Data block —
+ + + + + + +

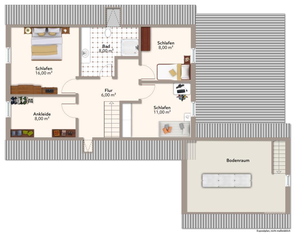Das ausgebaute Dachgeschoss beherbergt vier weitere Räume und ein zusätzliches Duschbad, ideal als separater Kinderbereich.
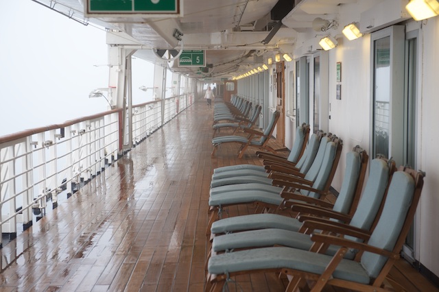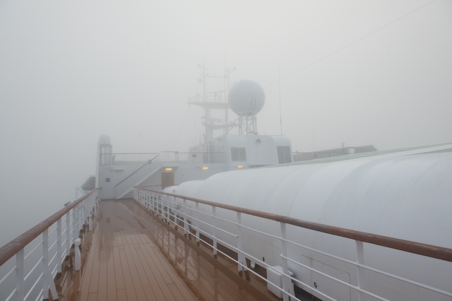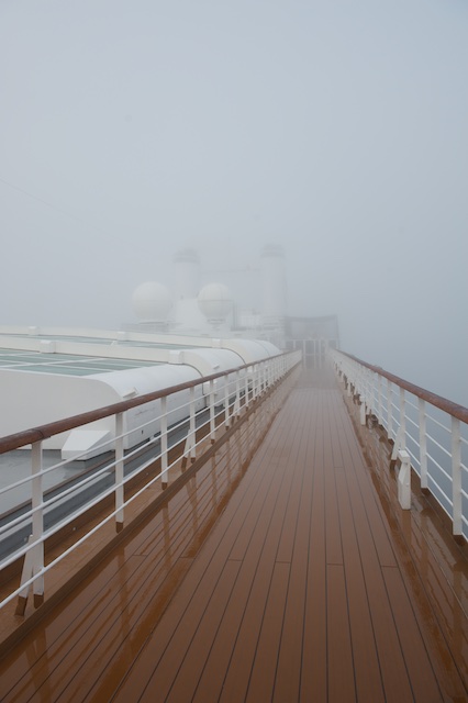 Last night I was awakened a few times by the low, plaintive, other-worldly sound of the ship’s foghorn, but otherwise I slept well. I was lying in bed, half awake about 6:30 this morning, which was really 5:30 body-clock time, since we had to set our clocks one hour forward last night because we are crossing into a new time zone, and I heard the fog horn again. I then, with my sleepy brain, realized that we were still surrounded by fog, over 12 hours after we had first seen it yesterday. My sleepy brain then got the idea that I would probably never have the opportunity again to take pictures on a ship enclosed in fog, so I got up as quietly as I could so as not to awake my sleeping wife, brushed my teeth, dressed quickly, put on a warm jacket because I didn’t know how cold it would be on deck, grabbed at what felt like my fleece hat and shoved it in my pocket, grabbed my camera and went out. At 6:30, much of the inside of the ship was deserted, but when I got out onto the lower Promenade deck, there were a few hardy early morning walkers. The fog was thick. You couldn’t see more than a few feet of ocean. When I went up to the top deck, the funnels were covered in fog and you could barely see them from the front of the ship. It was very eerie, and worth getting up to see.
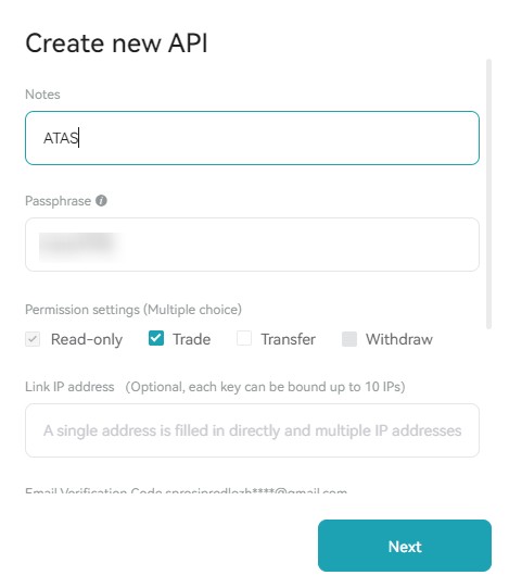 So stellen Sie über ATAS eine Verbindung zu Bitget her
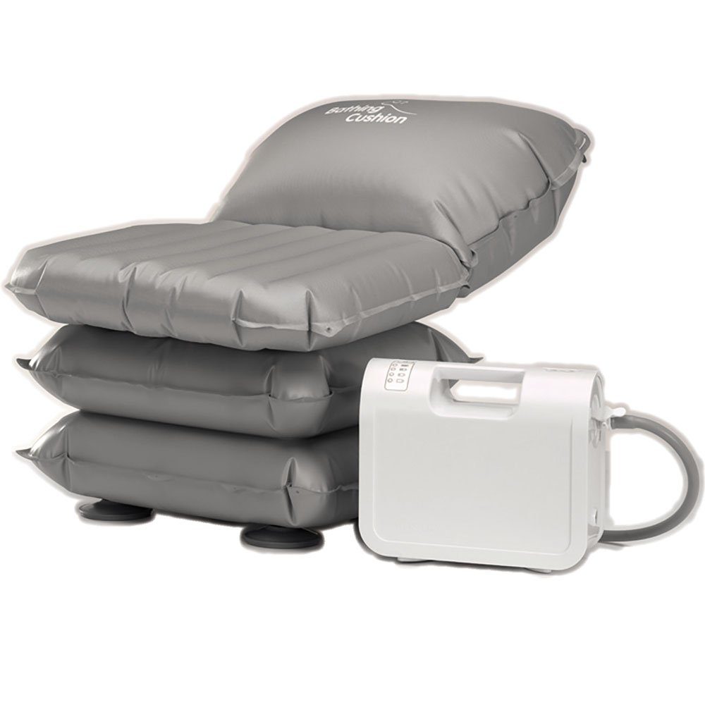 Mit dem Kompressor wird das Kissen aufgeblasen, dann setzt man sich, lässt die Luft wieder entweichen, um bis auf den Wannenboden abzusinken und kann dann das volle Schaumbad genießen. Nach dem Bad wird das Kissen per Knopfdruck dann einfach wieder aufgeblasen, um leichter aussteigen zu können. Das Kissen kann danach einfach aus der Wanne genommen werden.

+ + + + + + +

Work order — If the listing above includes images, copy every line of it exactly except those images.

Exercise output —
Das ausgebaute Dachgeschoss beherbergt vier weitere Räume und ein zusätzliches Duschbad, ideal als separater Kinderbereich.
 Last night I was awakened a few times by the low, plaintive, other-worldly sound of the ship’s foghorn, but otherwise I slept well. I was lying in bed, half awake about 6:30 this morning, which was really 5:30 body-clock time, since we had to set our clocks one hour forward last night because we are crossing into a new time zone, and I heard the fog horn again. I then, with my sleepy brain, realized that we were still surrounded by fog, over 12 hours after we had first seen it yesterday. My sleepy brain then got the idea that I would probably never have the opportunity again to take pictures on a ship enclosed in fog, so I got up as quietly as I could so as not to awake my sleeping wife, brushed my teeth, dressed quickly, put on a warm jacket because I didn’t know how cold it would be on deck, grabbed at what felt like my fleece hat and shoved it in my pocket, grabbed my camera and went out. At 6:30, much of the inside of the ship was deserted, but when I got out onto the lower Promenade deck, there were a few hardy early morning walkers. The fog was thick. You couldn’t see more than a few feet of ocean. When I went up to the top deck, the funnels were covered in fog and you could barely see them from the front of the ship. It was very eerie, and worth getting up to see.
 So stellen Sie über ATAS eine Verbindung zu Bitget her
 Mit dem Kompressor wird das Kissen aufgeblasen, dann setzt man sich, lässt die Luft wieder entweichen, um bis auf den Wannenboden abzusinken und kann dann das volle Schaumbad genießen. Nach dem Bad wird das Kissen per Knopfdruck dann einfach wieder aufgeblasen, um leichter aussteigen zu können. Das Kissen kann danach einfach aus der Wanne genommen werden.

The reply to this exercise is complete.